- _AVAILABLE DATA_:
/---

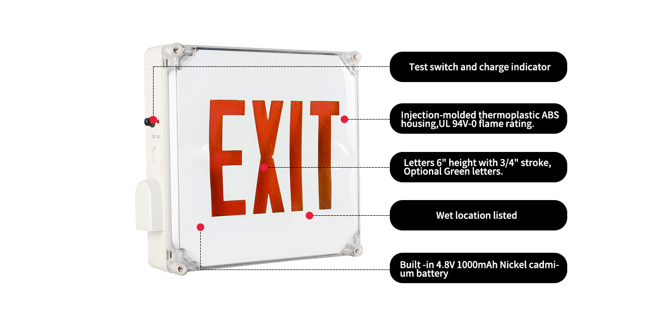 2019 New LEDコンボ緊急出口標識LEDヘッド(赤い文字) *噴射型熱可塑性腹筋ハウジング、UL 94V-0火炎評価。 *数分で革新的で簡単なインストール *文字6 "...
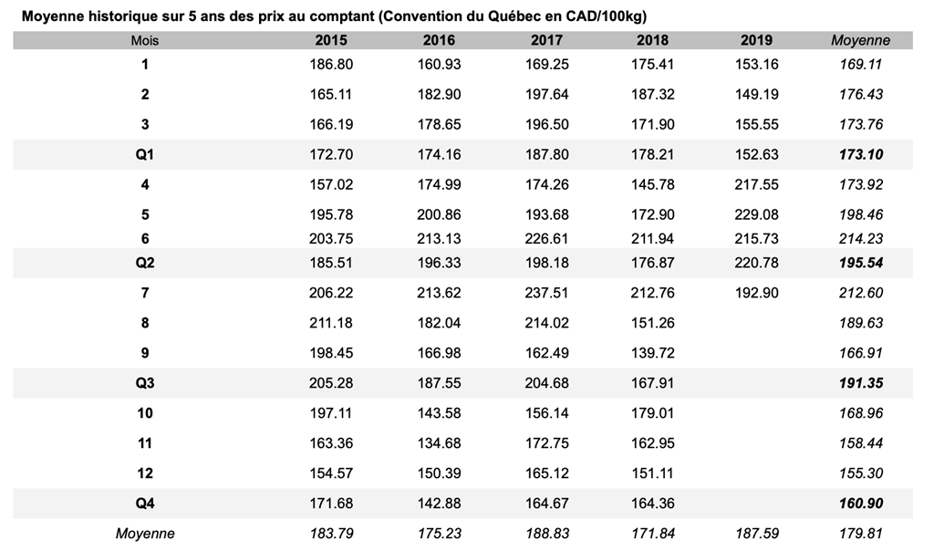 Voici les prix les plus récents sur le marché du porc et des grains:
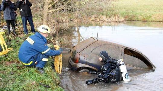 Ermittlungen gegen den Halter des Autos mit diesem Kennzeichen liefen bereits schon länger, doch das eigentliche Beweisstück – das Auto – war nicht auffindbar. Über das Motiv des Fahrzeughalters, sein Auto im See zu versenken, gibt es noch keine Aussagen von der Polizei. Sollte sich herausstellen, dass es sich dabei um den Mülltonnen-Crasher handelt, dürfte der sich nun wegen eines gefährlichen Eingriffs in den Straßenverkehr und wegen Unfallflucht verantworten müssen. Hinzu kommt dann noch ein Verstoß gegen das Umweltrecht, denn einen Opel Corsa mutwillig in einem Fischteich zu entsorgen, ist kein Müllsünder-Kavaliersdelikt.

\---

- _ACTIVITY_: Copy the listing above word for word. Do not include the pictures.

- _SOLUTION TO THIS PROBLEM_:
 2019 New LEDコンボ緊急出口標識LEDヘッド(赤い文字) *噴射型熱可塑性腹筋ハウジング、UL 94V-0火炎評価。 *数分で革新的で簡単なインストール *文字6 "...
 Voici les prix les plus récents sur le marché du porc et des grains:
 Ermittlungen gegen den Halter des Autos mit diesem Kennzeichen liefen bereits schon länger, doch das eigentliche Beweisstück – das Auto – war nicht auffindbar. Über das Motiv des Fahrzeughalters, sein Auto im See zu versenken, gibt es noch keine Aussagen von der Polizei. Sollte sich herausstellen, dass es sich dabei um den Mülltonnen-Crasher handelt, dürfte der sich nun wegen eines gefährlichen Eingriffs in den Straßenverkehr und wegen Unfallflucht verantworten müssen. Hinzu kommt dann noch ein Verstoß gegen das Umweltrecht, denn einen Opel Corsa mutwillig in einem Fischteich zu entsorgen, ist kein Müllsünder-Kavaliersdelikt.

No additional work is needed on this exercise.